Of the proposed $468 million in military spending, he added, 72 per cent would be to pay servicemen’s salaries. However, the presence of so-called “ghost soldiers” has long been a target of opposition criticism, and Cambodia’s relatively large standing army has even been the subject of donor-funded “demobilisation” schemes that have largely proved unsuccessful.
Though Yeap refused to offer further specifics, unconfirmed local media reports cited some notable figures, such as a 20 per cent increase in education funding over last year, and a more than 10 per cent increase in agricultural spending.
Despite the lack of complete figures, the potential for issues with the national debt has raised concerns in some corners.
The International Monetary Fund said in January that Cambodia’s risk of “debt distress” – that is default, or imminent default – would remain low as long as there were continuing reforms.
However, this year’s $3.5 billion budget represents a nearly 35 per cent increase over 2012’s, and Cambodian Institute for Development Study director Kang Chandararot maintained yesterday that reforms are only part of the picture.

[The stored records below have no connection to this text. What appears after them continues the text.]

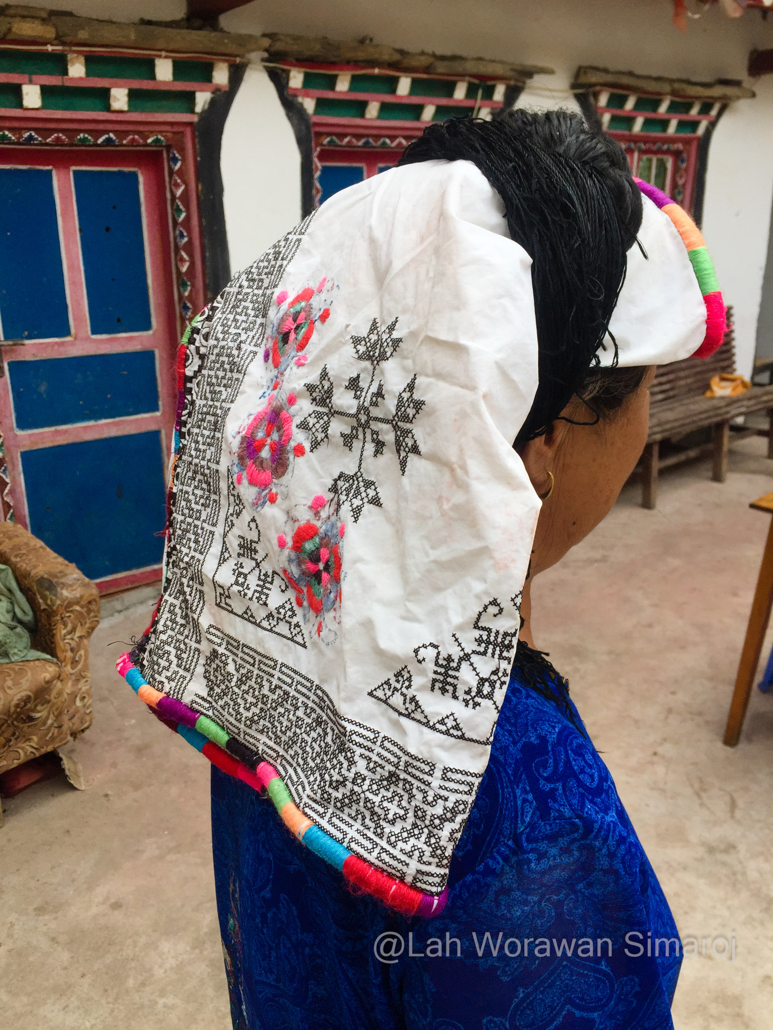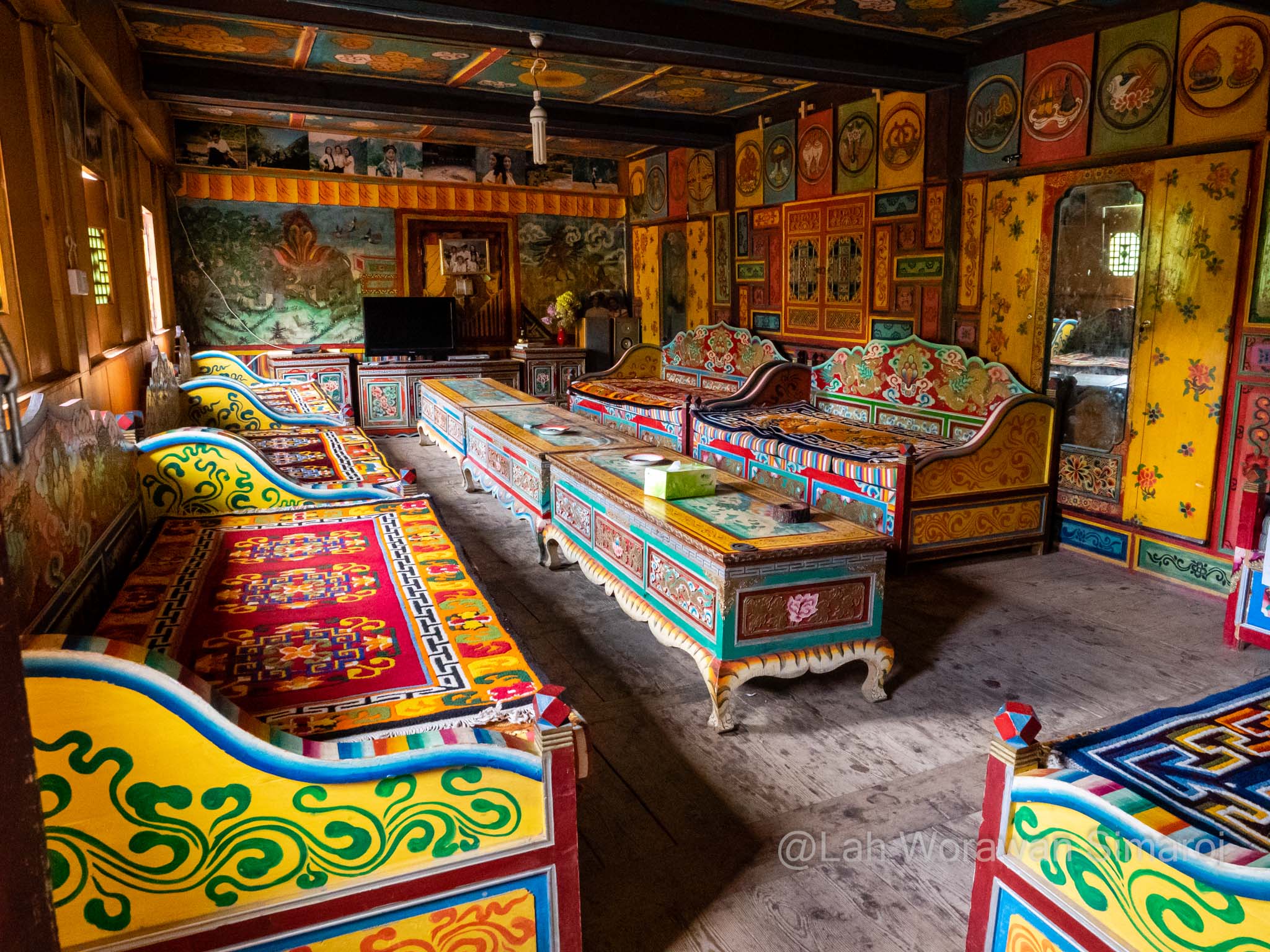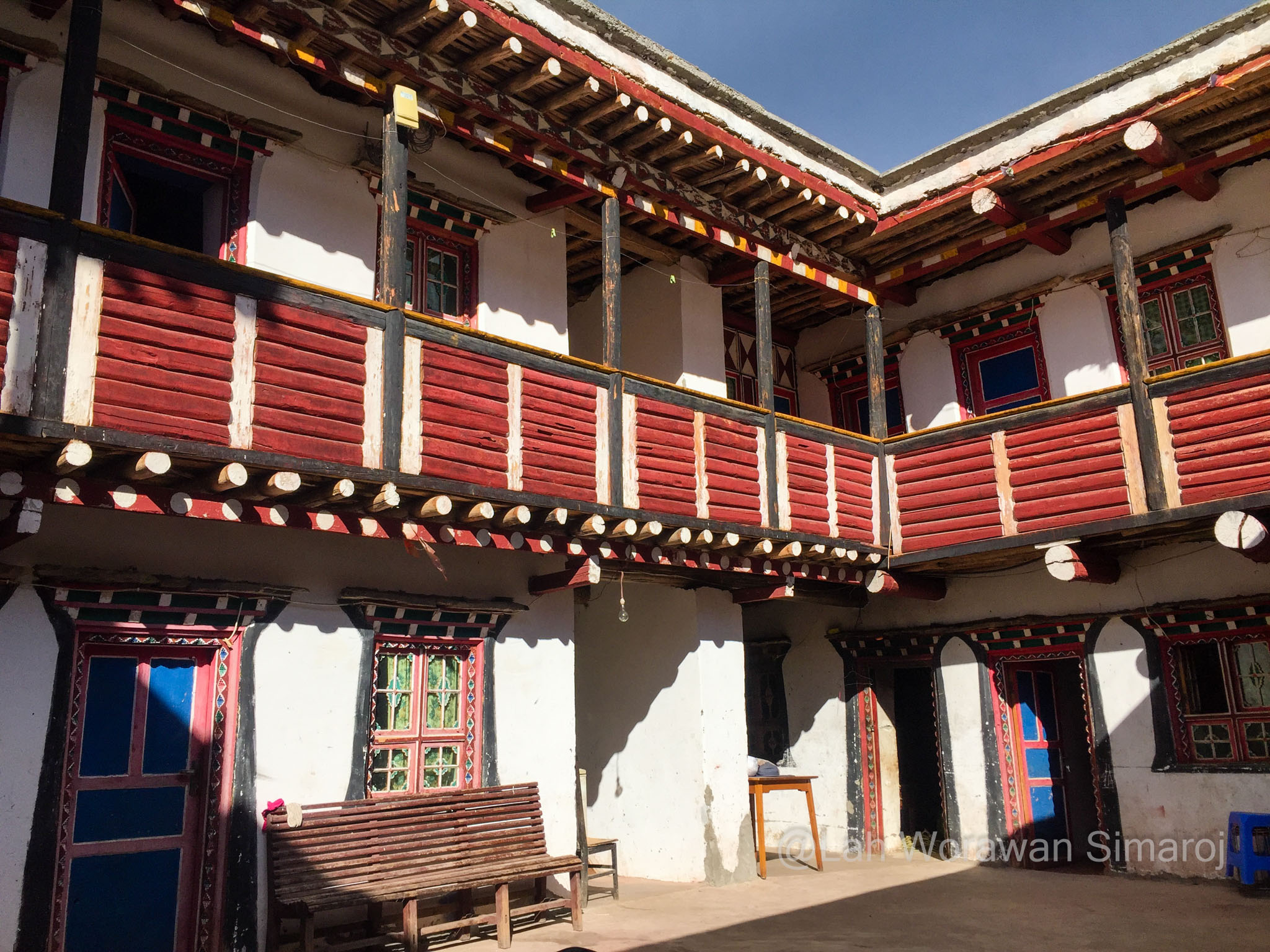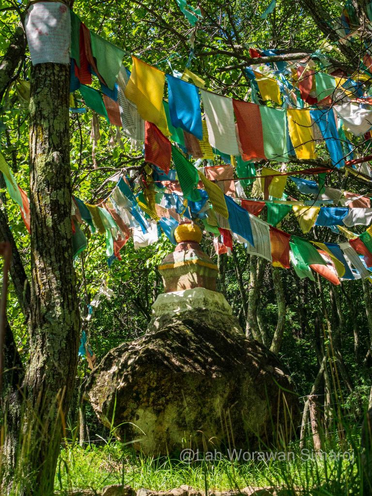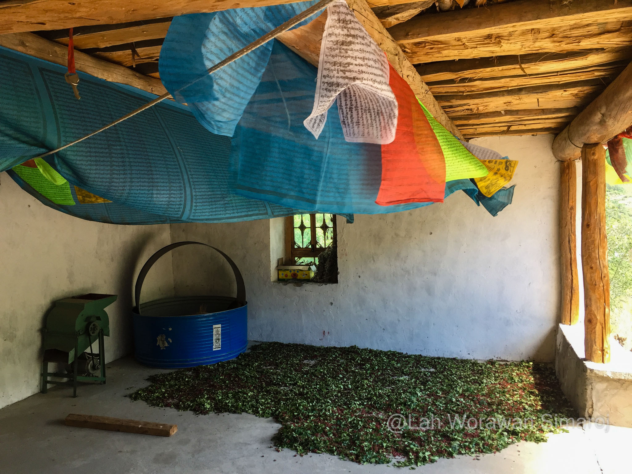 หมู่บ้าน Jiaju (เจวียจวู) คือหนึ่งในตัวอย่างหมู่บ้านแบบทิเบตโบราณที่สวยที่สุดที่ฉันพูดถึง ตัวหมู่บ้านตั้งอยู่เรียงรายบนเนินเขา Kapama (คาพามา) ที่หันหน้าสู่แม่น้ำ Dajin (ต้าจวิน) เบื้องล่าง ตัวอาคารสร้างด้วยหินและไม้ตามวัฒนธรรมของชาวเชียง ที่เรียกว่า Jiarong-Tibetan (เจวียหลง-ทิเบต) ซึ่งเป็นต้นแบบของรูปแบบสถาปัตยกรรมพื้นเมืองหลักของทิเบตในเวลาต่อมา หากมองจากจุดชมวิวหมู่บ้าน จะเห็นอาคารสีออกแดงหม่นๆขาวๆ กระจายตัวอยู่ตามความเขียวขจีของเนินเขา ในหมู่บ้านมีชาวบ้านอาศัยอยู่ประมาณ 150 ครัวเรือน บางบ้านทำเป็นโฮมสเตย์ ซึ่งหนึ่งในนั้นก็คือที่หลับที่นอนของพวกเราในคืนแรกนั่นเอง โฮมสเตย์ที่เราอาศัยพักนอนในคืนนี้มีชื่อว่า Three Sisters’ Homestay ไม่ต้องบอกก็รู้ว่าที่นี่บริหารงานโดยพี่น้องสามสาว…ที่พูดภาษาอังกฤษได้ประมาณไม่เกิน 10 คำ! พวกเราต้องใช้แอพแปลภาษาช่วยกันแบบมือเป็นระวิงกว่าจะ (คาดว่า) เข้าใจ (อย่างน้อยก็เวลานัดกินข้าว) ตัวบ้านมีลานกลางบ้านโล่งๆ และแยกเป็นห้องต่างๆที่สร้างจากหินและไม้ มีการตกแต่งวาดลายเขียนสีสดใสแบบทิเบต มีส่วนที่เก็บฟืน ส่วนที่เป็นห้องน้ำ และส่วนที่เป็นครัวที่ฉันไม่ได้เข้าไปชม แต่อาหารที่ถูกยกออกมาเสริฟตรงลานกลางบ้านในตอนเย็นนั้น ออกมาอย่างอลังการหลากหลายแม้ว่าจะเป็นอาหารพื้นๆแบบจีนๆ ก็ตาม แต่ก็อร่อยๆ ทั้งนั้น นอกจากนี้บนหลังคาบ้านยังเป็นลานแบบดาดฟ้า ตามสไตล์ของที่นี่ ซึ่งทำไว้เป็นที่สำหรับตากพริกหรือพืชผักต่างๆเพื่อการถนอมรักษาอาหาร ซึ่งพวกเราใช้เป็นจุดชมวิวแบบพานอราม่าของหมู่บ้านอันงดงามนี้ได้เป็นอย่างดี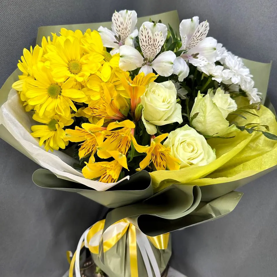 Яркий и восхитительный букет из роз, альстромерий и хризантем в жёлтых тонах — это великолепный подарок, способный поднять настроение и украсить любое мероприятие. Каждое цветочное составляющее этого букета приносит свою уникальную энергетику: нежные розы символизируют любовь и олицетворяют красоту, а яркие альстромерии добавляют свежести и игривости. Хризантемы же с их роскошными формами и насыщенным жёлтым цветом привносят в композицию тепло и радость.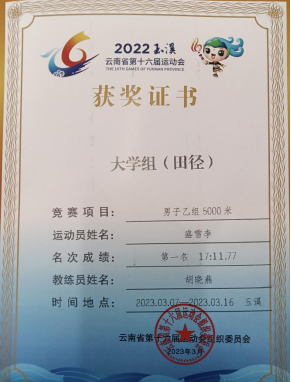 3月10日,十大买球2020级工业机器人专业学生盛雪李以17分11秒的优异成绩获得云南省第十六届运动会大学生男子乙组5000米冠军。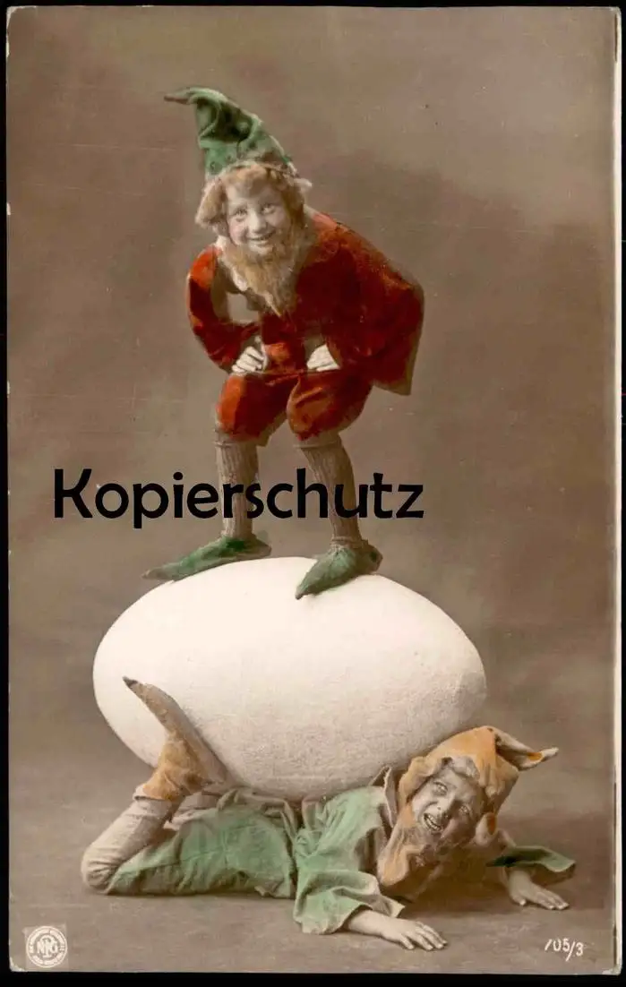 ALTE POSTKARTE ZWEI KINDER ALS ZWERGE MIT EI

“Reforms are tool[s] to increase revenues, not indicator[s] for debt level,” he said in an email. “You can make many efforts (reforms), but sometimes [with] no success (increase in revenues). Revenues serve the source of repayment, not just reforms.”
“We will have difficulty in servicing debt and [gaining the] trust of the private sector on [government] economic management,” he added. “The economy will suffer when repayment [is] due.”